I notice AI labs name things terribly. RLHF, DPO, PPO, GRPO. We're drowning in acronyms.

Meanwhile someone named a Reddit prompt engineering approach "artificial creativity". They built this whole system with knowledge symbols and reward points. Made it sound like a video game. Creative Synthesis and Reasoning Cycle.​

That's the one thing game developers got right. Good names matter. You remember "Portal" better than "First-Person Physics Puzzle Solver Alpha."

But in AI research we get PPO. Proximal Policy Optimization. Try explaining that at dinner. Your family will think you work in insurance.

What This Actually Means for You

Most people don't need to implement RLHF from scratch. Seriously.
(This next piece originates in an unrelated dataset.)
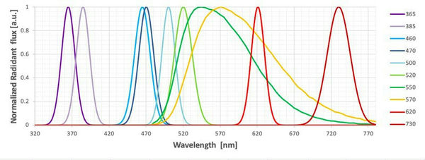 理想的熒光光源,一需要光譜覆蓋熒光染料的峰值激發波長,二需要在這個波長有較高的光強,這樣才能獲得更好的激發效果,對于CY5來說這個數值大概在650nm左右,而CY5.5則在670nm左右。

The compute costs alone make it unrealistic for small teams.​

If you're building a chatbot for customer service, start with a fine-tuned base model. Add DPO if you have preference data. That'll get you 90% of the way there.​

Save RLHF for when you need the model to handle high-stakes decisions. Or when you're working with sensitive domains like healthcare. The extra complexity pays off there.​

GRPO is interesting but new. Most tooling still supports PPO and DPO better. Wait six months. Let the ecosystem catch up.​

Here's what nobody tells you. Hyperparameter tuning will eat your time. Learning rate, clipping range, batch size, KL divergence penalty. Each one affects training stability. Get one wrong and your model diverges.​

The Reddit community learned this the hard way. Someone tried RLHF for improving writing style. Fine-tuned BERT as a classifier. Scored text from 0 to 1. Used it as a reward signal with GRPO. Needed 1,000 to 2,000 prompts just for that.​

Where This Goes Next

Reinforcement learning isn't going anywhere. It's how we get models to do more than pattern match.​

The next wave will probably focus on reward design. How do you build rewards that don't get hacked? That guide real improvements? Nobody's solved that cleanly yet.​

GRPO cut costs by 93%. That opens doors. Smaller companies can experiment now. We'll see more innovation from unexpected places.​

I think about the DeepSeek jump at step 8,200 a lot. Something clicked. The model went from struggling to reasoning in chains. All from trial and error. No human showing it how.​

That's what makes this interesting. Not the acronyms or the compute bills. The fact that machines can learn to think better by failing repeatedly. Just took us a while to figure out how to let them fail productively.